To improve the DMA transmission capability in the following scenarios, GR5526 SoCs extend the DMA chain data transmission capability, which means multiple data blocks can be connected using a pointer linked list, so that all these data can be transmitted in a single DMA transmission cycle.

  • Transmit more than 4095 beats of data in a single transmission.

  • Transmit data from a discontinuous address space in a single transmission cycle.

  • Use different transmission configurations to transmit data in a single transmission cycle. To be specific: Manage all to-be-transmitted data blocks using a pointer linked list. After a data block is sent, the next block is automatically loaded according to the Next pointer until the Next pointer becomes empty. As shown below, each link node mainly contains DMA transmission configuration information of the current node, node data block, and information of the pointer pointing to the next link node, until the last transmission link node becomes null. These link nodes will be implemented in a single DMA transmission. Data at each node shall not be more than 4095 beats. DMA chain data transmission can be widely used in such scenarios as big data block transmission, discontinuous data transmission, and display refresh.

Figure 1 - DMA chain data transmission 1705994095746

1.1.3 DMA Scatter Transmission

In a DMA scatter transmission, data in a continuous address space is scattered to a discontinuous address space based on certain rules.

Figure 2 - DMA scatter transmission schematic 1705994161299

    1. The continuous data is divided equally into several data blocks, and the length of the last data block can be different.

  1. The data volume contained in each data block is marked as “Count” (in beats).

  2. The address interval between data blocks is marked as “Interval” (in beats).
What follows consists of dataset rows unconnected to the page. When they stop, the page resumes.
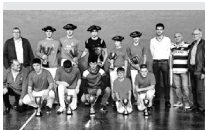
53. Otadiko Kristo Deunako finalistak, bestelako ordezkariekin. PILOTAJAUKU

Denboraldi berriaren atarian dago. "Garai polita heldu da. Diario Vasco, Zaldibarko txapelketa eta Nafarroako Binakako Txapelketa hastear daude. Beraz, entrenamendua onak egitea da asmoa, konfiantza hartzen segitu, erritimoa hartu eta partidak datozen heinean konfiantzarekin jokatu, irabazten saiatzeko". Ez du lan makala.
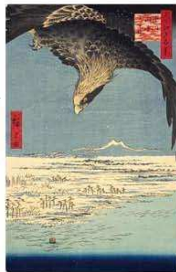
歌川広重「名所江戸百景 深川洲崎十萬坪」
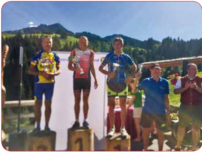
Seniorenn WM St.Johann
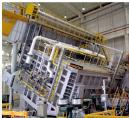
\ Horno mantenedor basculante
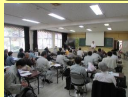
薬草の基礎を学ぶ座学研修会
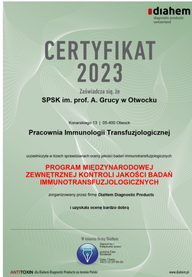
Certyfikat Pracowni Immunologii Transfuzjologicznej 2023 r.

Example: To transmit 1000 bytes of data (Count: 4; Interval: 2) through DMA scatter transmission:

  • If the transmission width is 8 bits, then the data is 1000 beats in total, each data block is 4 bytes, and the address interval is 2 bytes.

  • If the transmission width is 16 bits, then the data is 500 beats in total, each data block is 8 bytes, and the address interval is 4 bytes.

  • If the transmission width is 32 bits, then the data is 200 beats in total, each data block is 16 bytes, and the address interval is 8 bytes.

1.1.4 DMA Gather Transmission

In a DMA gather transmission, data in a discontinuous address space is gathered in a continuous address space. DMA gather transmission can be regarded as a reverse process of DMA scatter transmission.

Figure 3 - DMA gather transmission schematic 1705994236053

  1. Several data blocks of equal length are evenly arranged at the same address interval, and the length of the last data block can be different.

  2. The data volume contained in each data block is marked as “count” (in beats).

  3. The address interval between data blocks is marked as “interval” (in beats).

Example: To transmit 1000 bytes of data (count: 4; interval: 2) through DMA gather transmission:

  • If the transmission width is 8 bits, then the data is 1000 beats in total, each data block is 4 bytes, and the address interval is 2 bytes.

  • If the transmission width is 16 bits, then the data is 500 beats in total, each data block is 8 bytes, and the address interval is 4 bytes.

  • If the transmission width is 32 bits, then the data is 200 beats in total, each data block is 16 bytes, and the address interval is 8 bytes.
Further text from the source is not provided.